According to Freeman, al Qaeda draws its strength and its recruits from the grievances of Arabs and other Muslims. Whether or not these grievances are justified, denial will not cure them. It is in American interest both to analyse them and to reduce them to the lowest possible level. This cannot be done without honest examination of how US actions appear to those they affect, unimpeded by prejudice, stereotypes, or the enforcement of political taboos. America needs to understand what it is up against as it is, not as it is politically expedient to explain. Only then can it hope to develop policies that reduce tensions and end the conflicts in the Holy Land, Iraq and Afghanistan, not aggravate or perpetuate them.

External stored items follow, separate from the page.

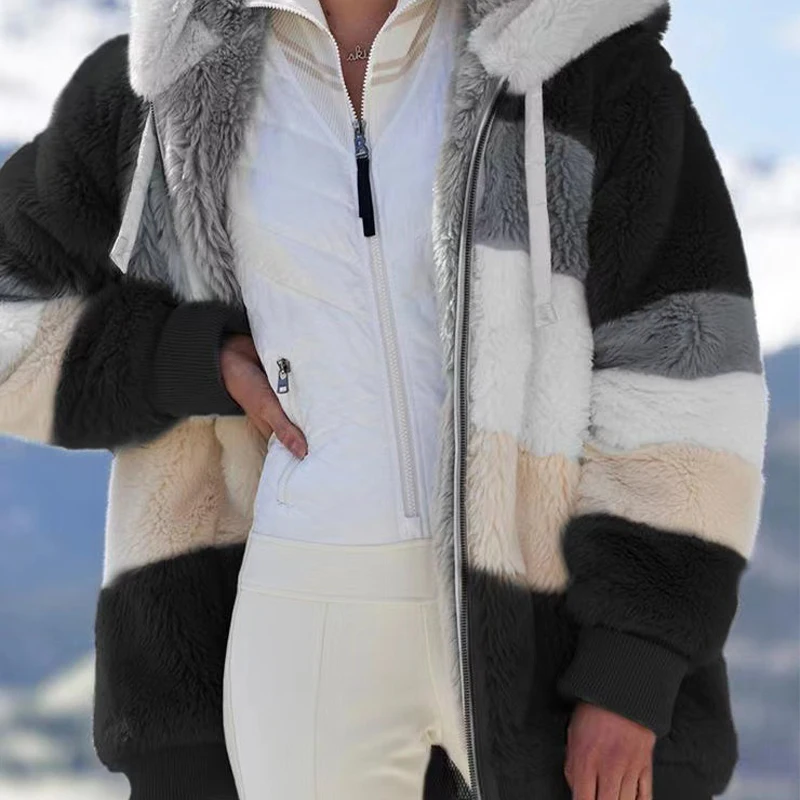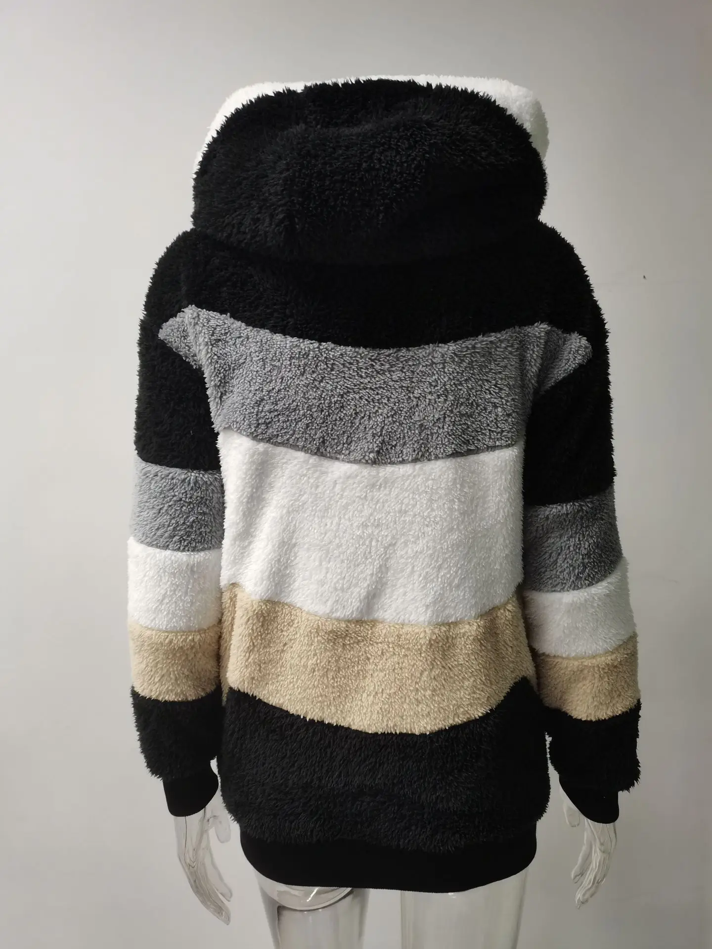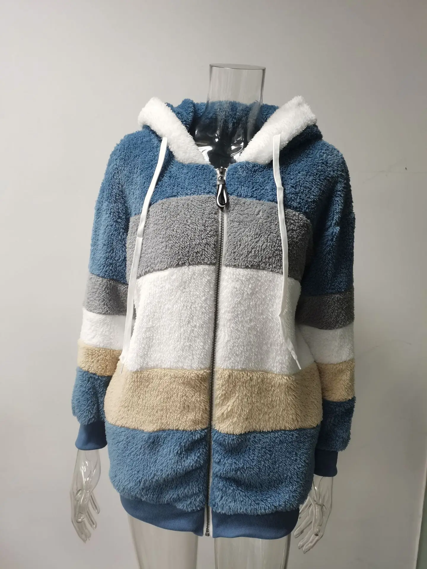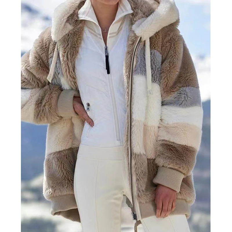 Женское повседневное пальто из искусственного меха на молнии, в полоску
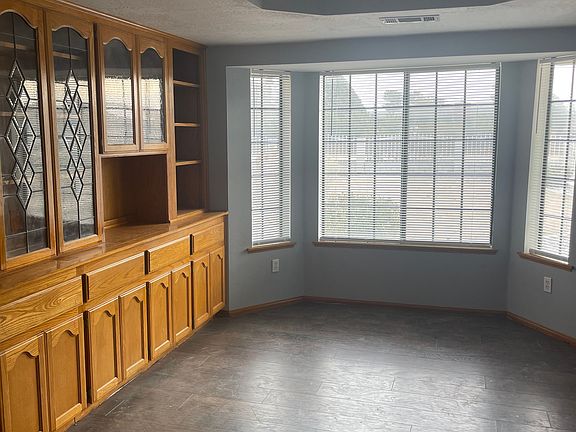 Nice floorplan with wood look vinyl flooring, stainless steel appliances. Large lot with 3 car garage. Living room with Fireplace, step down family room, formal dining area with large built in hutch. Plenty of cupboard space here with new sink and faucet. Nice bay windows in bedrooms with wood cabinet. Central heating and air. Indoor laundry, Two extra sheds for storage. Nice view of knolls area. Wrought iron in front with gate.
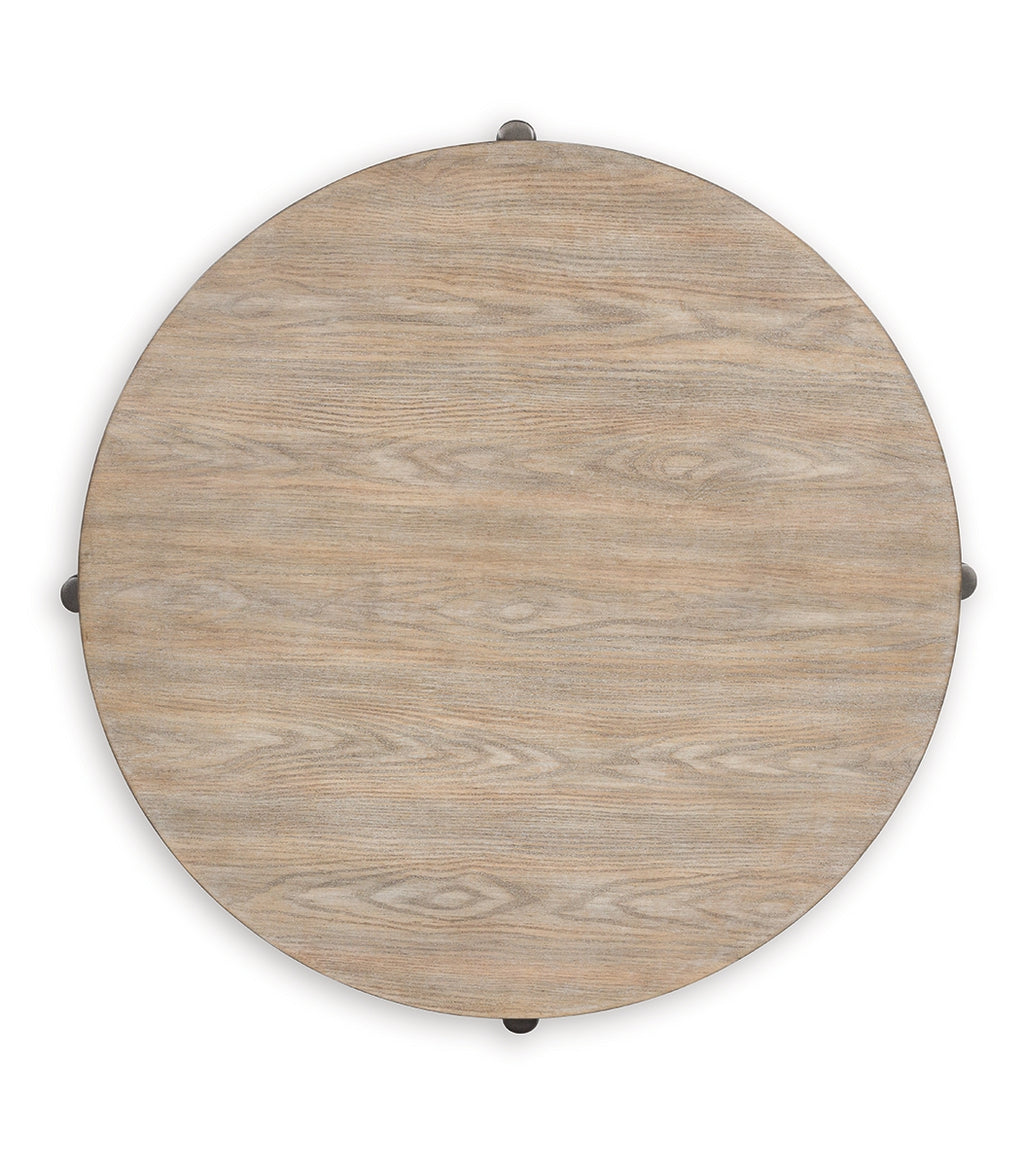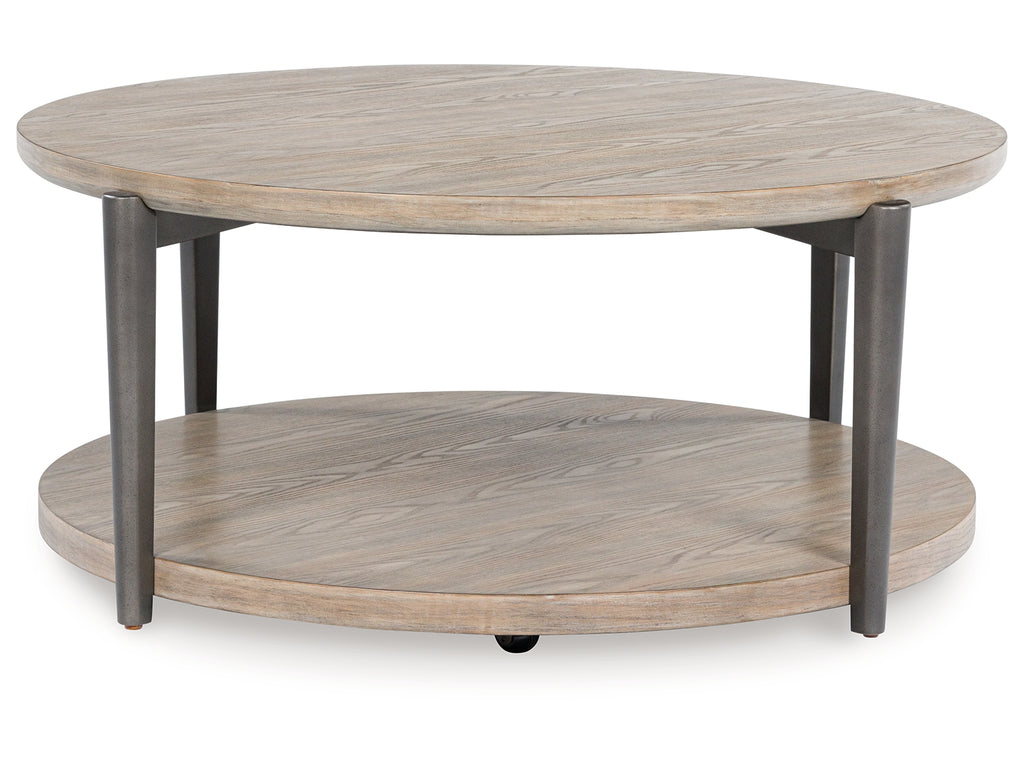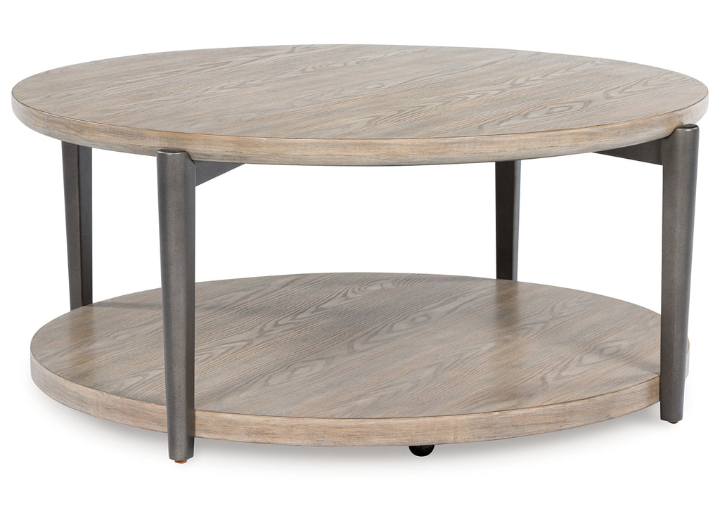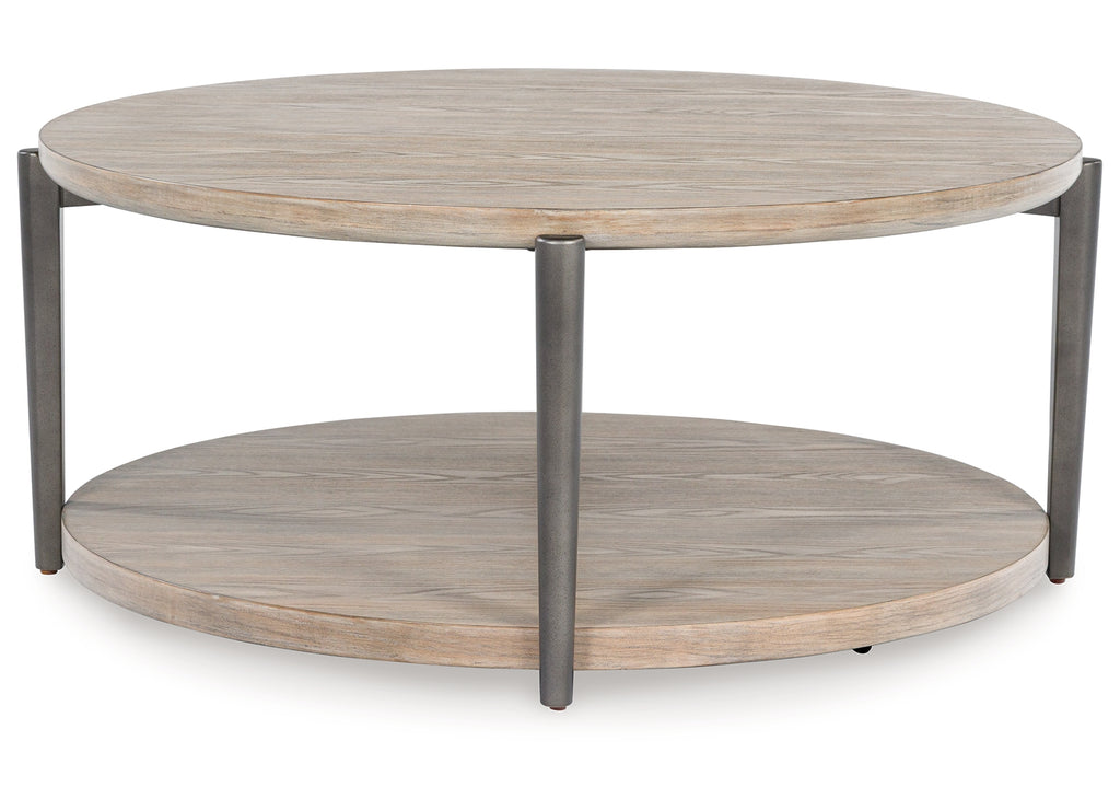 Merging industrial and contemporary elements, this coffee table turns display space into an art form. The whitish brown wood-tone finish is right on trend, while contrasting painted metallic legs offer a modern touch of stripped-back beauty. With its streamlined design, this table proves that less is more.
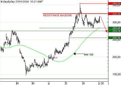 Le franchissement de la résistance à 325,2 euros invaliderait ce développement baissier à court terme.
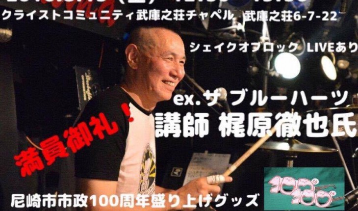 元ザ・ブルーハーツのドラマー、梶原徹也さんを講師に迎えて行います。尼崎市政100周年ロゴデザイナー北側利彦さんも100周年盛り上げグッズでゲスト出演!そして、尼崎バリアフリーロックバンド「シェイクオブロックwith梶原徹也」の演奏もあります♫
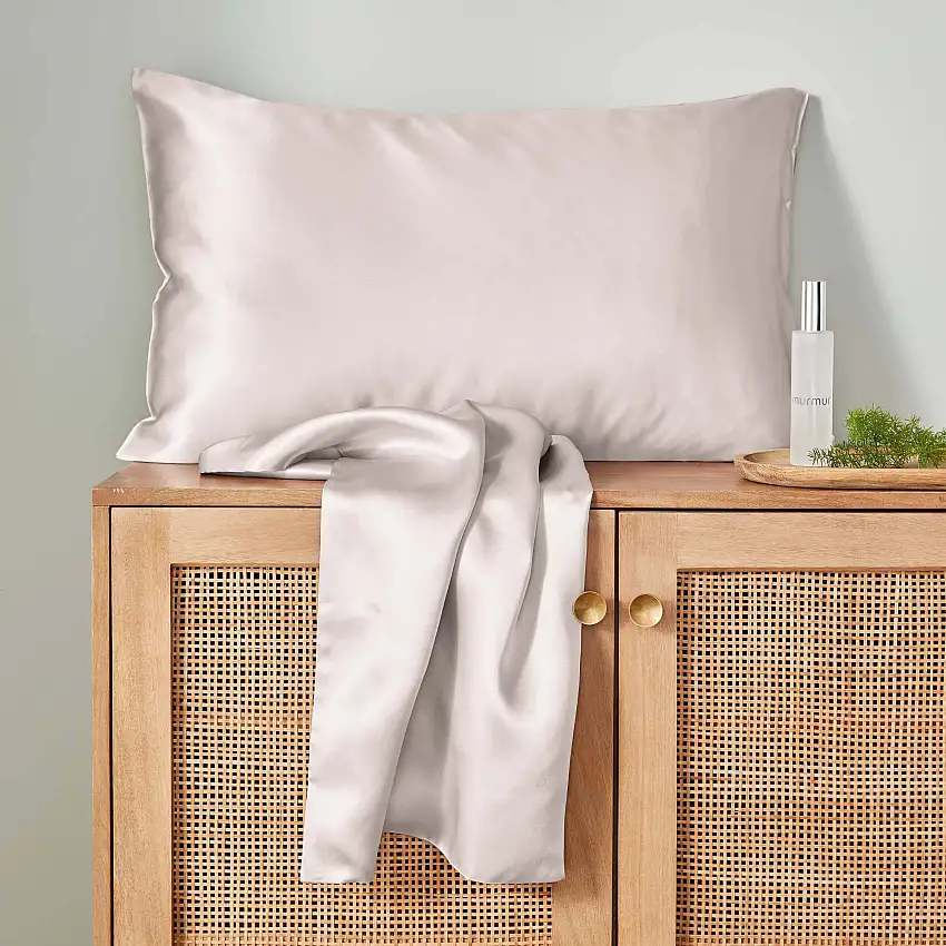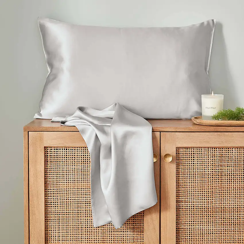 Taie d’oreiller standard en soie, gris nuage

Freeman urged the US to make a serious effort to understand its enemies rather than simply caricature and malign them. Instead of examining them and their doctrine, they have been associated with convenient analogies with Nazi Germany and Soviet Russia. Instead of addressing al Qaeda’s case against direct and indirect American interventions in the Arab and Islamic worlds, Washington has ascribed to it an ideology that does not exist.

“Islamofascism” is a word invented in America, he pointed out, “redolent with politically evocative overtones of the European holocaust, and totally disconnected from both Islam and Arab history.” Rather than analysing the aims that al Qaeda and its allies profess, namely freeing the realm of Islam of US presence, “we ascribe to them an objective of world conquest similar to that of our past Eurasian enemies. Ignorance, confusion, and self-indulgence have led us to impose unfounded stereotypes on Muslims and to mistake Arab friends for Arab enemies – and, no doubt, vice versa.”

The only question is: will Freeman’s sane voice prevail in Washington? Not today, of course, but for all our sakes, let’s hope it will do so tomorrow.